We live in a culture of protest, and one that didn’t just recently arrive on the scene. Nearly a century ago Mahatma Gandhi advocated non-violent protest against the British Empire’s claim of sovereignty over Indian affairs. Martin Luther King Jr. borrowed significantly from Gandhi in his leadership of protests against Jim Crow practices during the height of the Civil Rights Movement in the 1960s. Pro-life protesters have been active outside abortion clinics for decades. Beginning in 2009, Tea Party activists protested publicly. And more recently various Occupy and Antifa factions have engaged in protests, most famously in Seattle and Portland.
I’ve chosen to name these specific examples for their diversity—not just on the political spectrum, but the degree to which they advocate civil disobedience or violence. There are clearly different ways to protest.
Protest is an effective way, especially with political issues, to get a cause onto the political agenda. It’s even implied in the US Constitution. It’s a common tool for dealing with authorities with whom we disagree.
A context of protest provides a good opportunity for us to evaluate the biblical data on authority and to give some thought to how we can best respond when one of our authorities acts in a way we think is wrong.
So let’s begin, as we always should, by laying out some biblical principles that can help determine our philosophy of protest and then guide our application of that philosophy.
The Glory of God
The Prime Directive is the glory of God. Our thoughts, words, and actions must reflect positively on him; they must attribute weightiness to him, giving others legitimate reason to think well of him—whether they end up doing so or not. We cannot control the decisions others make about their view of God, but we must not give them legitimate reason to think poorly of him.
Whether therefore ye eat, or drink, or whatsoever ye do, do all to the glory of God (1Co 10.31).
Only He is worth all of our love, all of our loyalty, and all of our devotion. God is the only person we can follow blindly—and He doesn’t ask us to; he has left millennia of historical record of his goodness, greatness, and faithfulness.
This is a weighty task, one with eternal consequences. It must not be merely in the back of our minds as we lay out our plan of action.
Thus it’s worth stating here at the outset that the cause for which we protest is always—always—secondary to our primary purpose of glorifying God and carrying out his commission to take his gospel to the ends of the earth.

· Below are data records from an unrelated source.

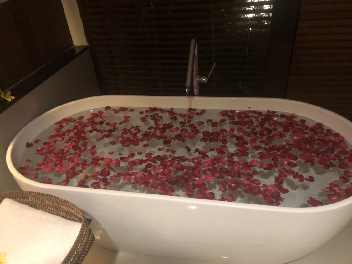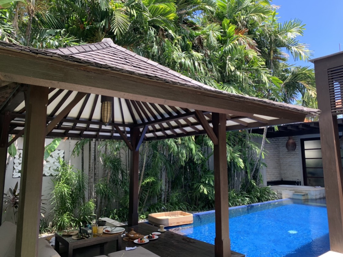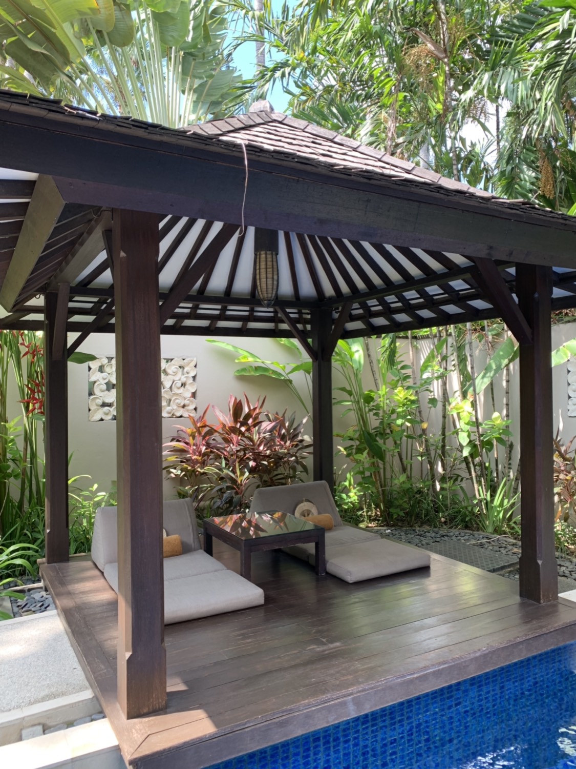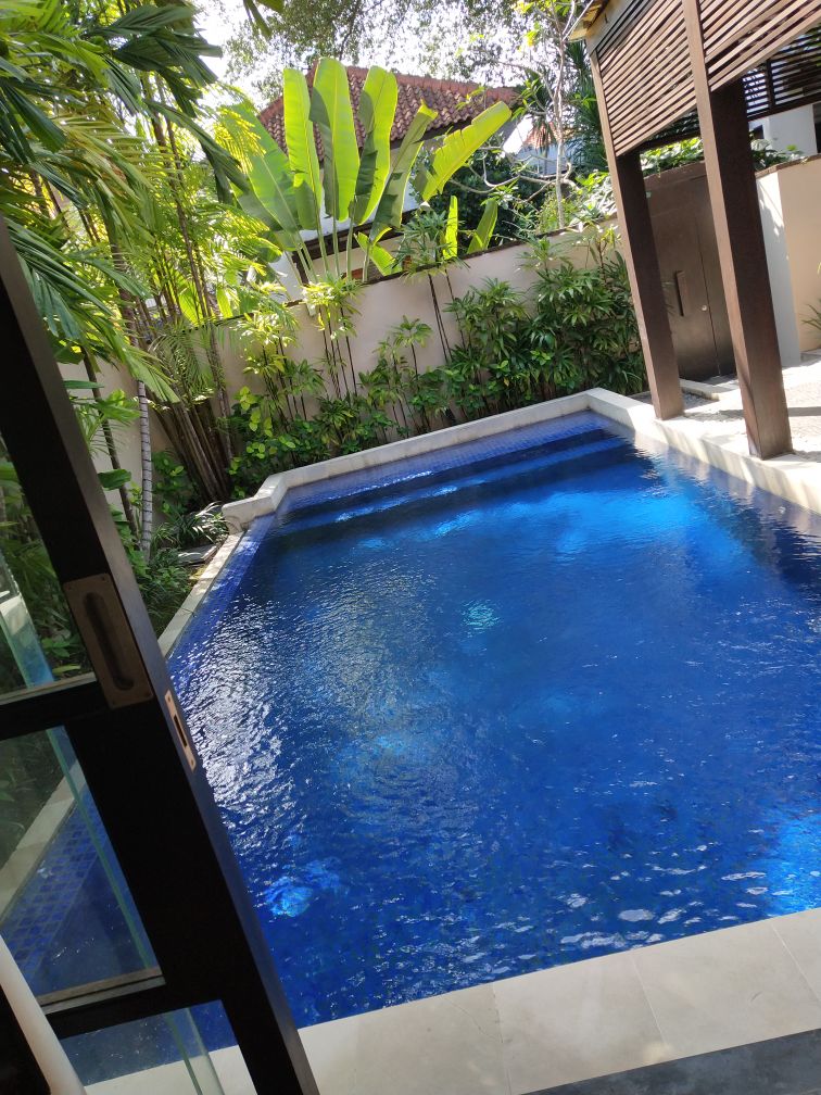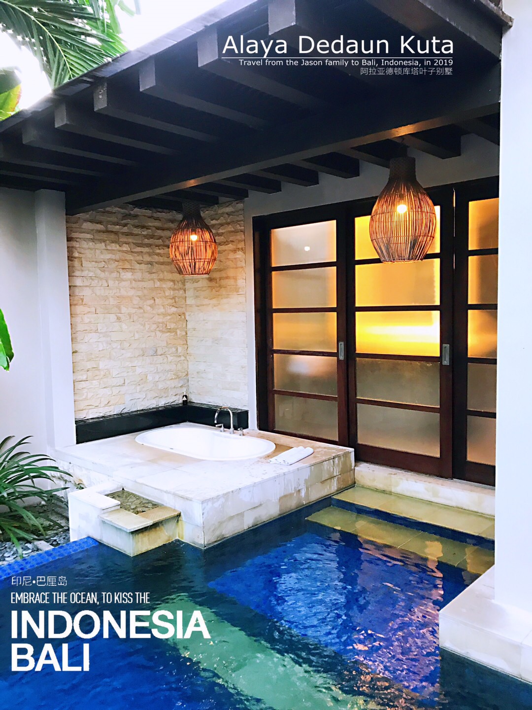 豪华的房型可以从卫生间有个推门直接通往泳池,不过室外的浴缸很脏,不要泡澡哦。
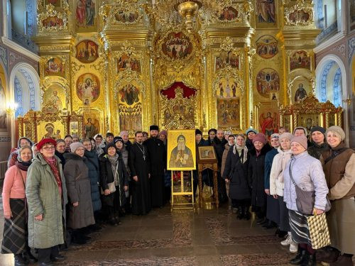 Паломники поклонились святыням храма: иконе с частицей мощей святого великого благоверного князя Александра Невского; иконе святых благоверных князя Петра и княгини Февронии Муромских; иконе преподобного Гавриила (Ургебадзе) Самтаврийского с частицей мощей; иконе священномученика Василия Смирнова; иконе святого великомученика Пантелеимона с частицей мощей; иконе преподобного Сергия Радонежского с частицей мощей; Кресту с частицей Животворящего Креста Господня; частицам святых мощей апостола Павла и святителя Николая Мирликийского.
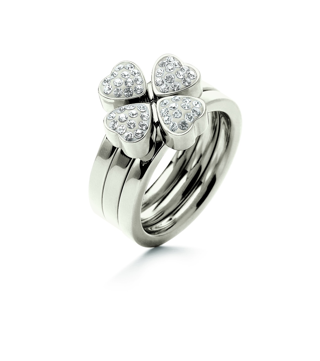 Пръстен с изчистен дизайн и четири сърца, декорирани с малки кристали. Моделът включва три съединени ленти, придаващи му елегантен вид.

The Brokenness of Our World
Our world, and everything in it, is broken. In God’s good plan, sin has damaged his creation. It has rendered us broken as people, and it has broken our environment and our circumstances (Ge 3.1-19). I’ll get to some implications of that later in the series.
So we must not be surprised by evil, including injustice; but on the other hand, we must not be apathetic about it either, waving it off as “just the way things are,” with a flippant “if it doesn’t affect me, then what do I care?” As part of bringing glory to God, we are called to battle the world’s evil and bring healing and relief, to the degree that we can, where evil reveals itself.
God Reigns
God is not stymied or frustrated by evil; he is so much bigger than evil that he can use it to accomplish his own purposes (Ge 50.20). God is directing the course of each life for his glory (Ps 37.23). And for now, he has called all of us to walk as broken people in a broken world. Sometimes this means that we will experience evil and injustice (Job 1).
But in the end, his will—his good will—is always accomplished. He directs and sustains us through evil things purposefully, in order to accomplish His goal in us: to conform us to the image of His dear Son (2Co 3.18).